Путь к Брехту | страница 24



Конечно, пример с Гитлером - только самая крайняя точка на прямой брехтовской критики техники вживания. Но нам очень важно не потерять ее из виду, так как иначе мы не поймем до конца причины, по которым Брехт был так подозрителен к сценической иллюзии, к той технике исполнения, при которой вжившийся в, роль актер идентифицируется с созданным им образом и властно втягивает зрителя в водоворот своих сценических эмоций. Именно фашизм, доведший до таких разрушительных выводов ницшевскую апологию "царственного инстинкта" и надморальной чувственности, и побудил Брехта, как он сам не раз пояснял, "к особенно резкому подчеркиванию рационального начала".

Разве не в том, чтобы, вырвав зрителя из нирваны расслабляющего созерцания, вынудить его анализировать, проверять, спорить, искать правильных решений и, отбрасывая иллюзии, срывая маски, прорываясь через минные поля опасных банальностей, заставить его пробираться к правде, - и состояла главная цель театра, о котором мечтал Брехт? Недаром он говорил, что его театр должен быть театром "для людей, решивших взять свою судьбу в собственные руки" (II, 474). Немецкая социалистическая революция, на пути к которой стояли кризисы и хаос Веймарской республики, кровь и грязь фашизма, пожар второй мировой войны, нуждалась в художниках, обладающих не только ярким революционным порывом, но и смелой, ясной мыслью, волей к беспощадному анализу, величайшей трезвостью, уверенной ясностью.

Таким художником и стал Брехт. В "Малом органоне" он писал: "При виде лживого изображения общественной жизни на театральных подмостках... мы поднимали голос, требуя научной точности изображения, а наблюдая безвкусные упражнения гурманов, готовящих "лакомства для глаз и души", мы во весь голос требовали той красоты, которая присуща логике таблицы умножения" (II, 174-175).

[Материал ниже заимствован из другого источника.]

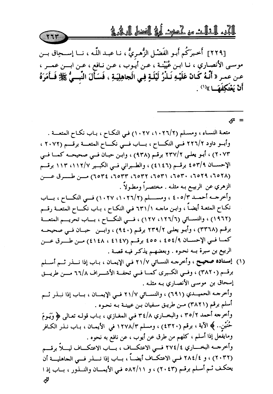 229 - أَخْبَرَكُمْ أَبُو الْفَضْلِ الزُّهْرِيُّ، نا عَبْدُ اللَّهِ، نا إِسْحَاقُ بْنُ مُوسَى الْأَنْصَارِيُّ، نا ابْنُ عُيَيْنَةَ، عَنْ أَيُّوبَ، عَنْ نَافِعٍ، عَنِ ابْنِ عُمَرَ، عَنْ عُمَرَ: «أَنَّهُ كَانَ عَلَيْهِ نَذَرُ لَيْلَةٍ فِي الْجَاهِلِيَّةِ، فَسَأَلَ النَّبِيُّ صَلَّى اللَّهُ عَلَيْهِ وَسَلَّمَ , فَأَمَرَهُ أَنْ يَعْتَكِفَهَا»
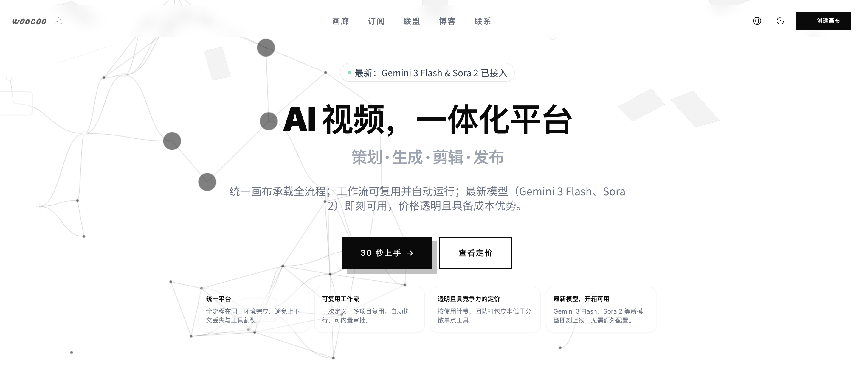 Woocoo AgentFlow 是一款面向视频、图片与自动化工作流的AI 原生画布,特别适合内容团队、市场和创作者用一
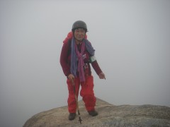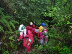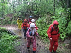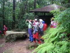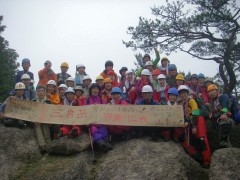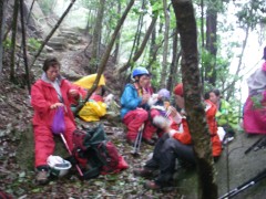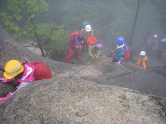 ●山行日:2010年7月11日(日)雨 ●コース:@自然観察コース Aのんびりコース ●参加人数37名 ●集合場所:苅田町役場、下曽根駅(モール側)、JR小倉駅北口 ●バス:中型バス(筑豊西鉄) ●スタッフ:CL 羽瀬川 SL平川(班長4名 フリー5名) ●行程:苅田町役場前(6:00)→下曽根→小倉駅北口→王司SA→下松SA→大竹I.C→登山口(11:00)→@コース 出発(11:20)→朝日岳鞍部(12:25)昼食→中岳(13:00) →夕陽岳(13:51) Aコース 出発(11:00)→夕陽岳(13:00) @A合流下山開始(14:05)→4合目小屋(15:00)→登山口(15:30)→バス乗車(15:40)→小瀬川温泉(16:10)入浴→出発(16:50)→吉和I.C→鹿野SA→壇ノ浦PA→小倉駅北口(19:50)→下曽根駅→苅田町役場前 ●梅雨期にも拘らず多数の参加者で雨の北九州を出発。登山口で雨具着用、準備体操後、のんびりコースが先に登山開始。自然観察コースはスワミベルト等の確認をして20分後に出発した。沢歩き並みに水が流れ落ちる石段を上り詰めて鞍部で昼食。朝日岳、中岳とガスで展望は期待はずれだったが鎖場はスリル満点でシュリンゲの使い方を教わりながら全員無事に夕陽岳の山頂でのんびりコースのメンバーと合流した。集合写真後、ザイル使用の勉強会をしてから下山開始、せせらぎが急流と化した沢を4度渡って登山口に着き、見上げると威風堂々たる迫力の岩峰が目を覆った。自然の畏怖を強く感じた三倉岳だった。 CL羽瀬川二代 |
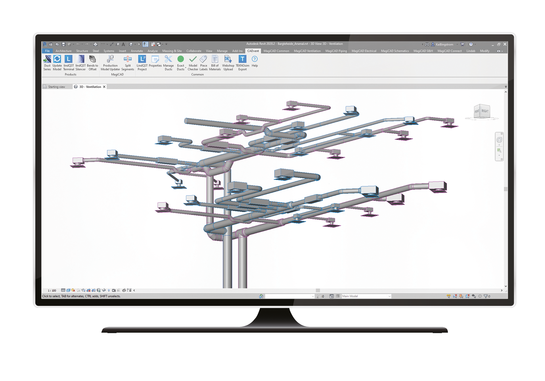 CADvent plugin for AutoCAD is a toolbox with several very helpful features for ventilation designers and contractors. Users can create rooms with property requirements and upload these to LindQST. Moreover for those who also have MagiCAD installed there is a wider choice of functions available.
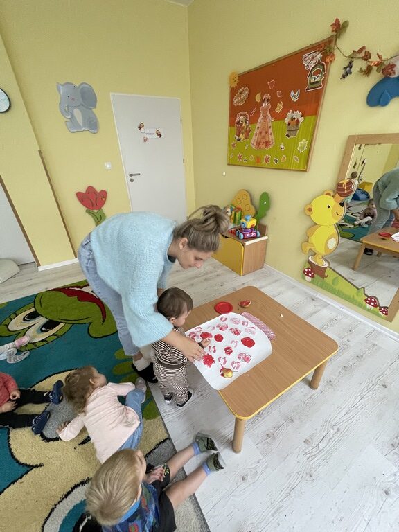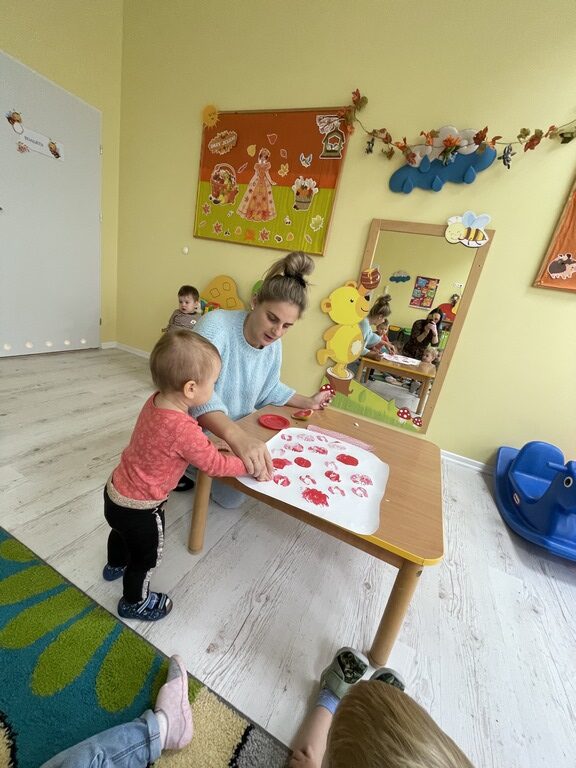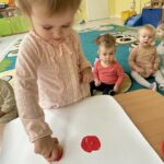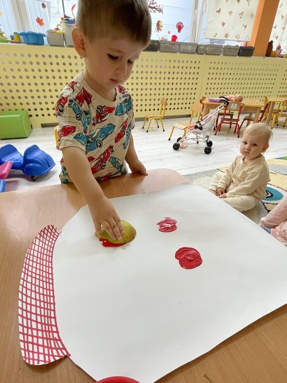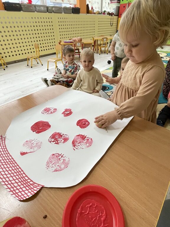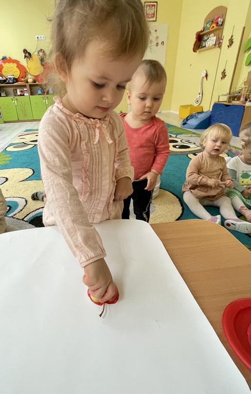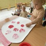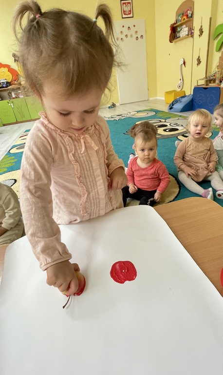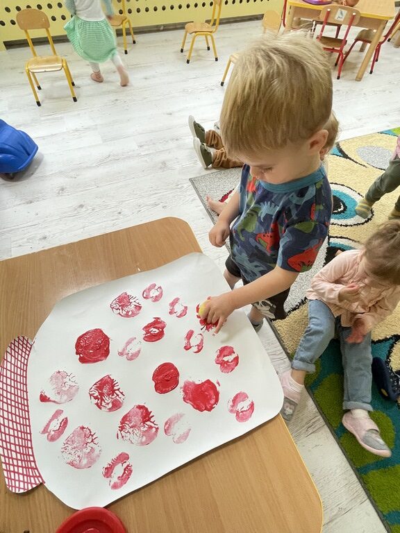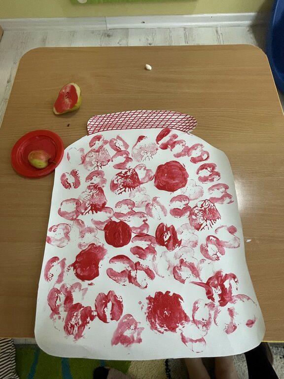 🍎 W ostatnich dniach rozmawialiśmy też o kompotach i konfiturach, a dzieci wykonały piękne jesienne prace plastyczne na papierowym słoiku odciskały w farbie jabłka i gruszki. Dzięki temu ćwiczyły zdolności manualne i poznawały jesienne owoce.

Так "возникло стремление создать театр эпохи науки" (II, 175), в котором собрались бы политические единомышленники, одинаково осознавшие, что "одних благородных убеждений недостаточно - нужно еще приобрести знания и овладеть определенным методом" (I, 169). И в этом театре борющегося и побеждающего разума, где все, по выражению одного немецкого интерпретатора Брехта, было "насквозь рационализировано" ("durchrationalisiert"), меньше всего было как раз холодной и размеренной рассудочности, сухости. Истинное своеобразие Брехта ведь в том и состоит, что, доведя до последнего заострения свою программу аналитического театра, он и в "Мамаше Кураж", и в "Добром человеке из Сычуани", и в "Кавказском меловом круге", и в "Жизни Галилея" был _поэтом_, чья отточенная до ясного блеска мысль облекалась в одежды щедрой и чувственно насыщенной фантазии. Поэтическое великолепие образов, в которых предстают обычно его режиссерские и драматургические идеи, так покоряюще неистощимо, что если сам Брехт и полагал, что его театр "с презрением отверг культ прекрасного, который подразумевал неприязнь к учению и пренебрежение пользой" (II, 175), то мы со своей стороны можем сказать, что его пьесы и спектакли, во всяком случае лучшие из них, построены всегда и _по законам красоты_ и дают и нашему юмору, и нашей жажде чувственной конкретности изображения, и нашему воображению пищу не менее богатую, чем нашей анализирующей мысли.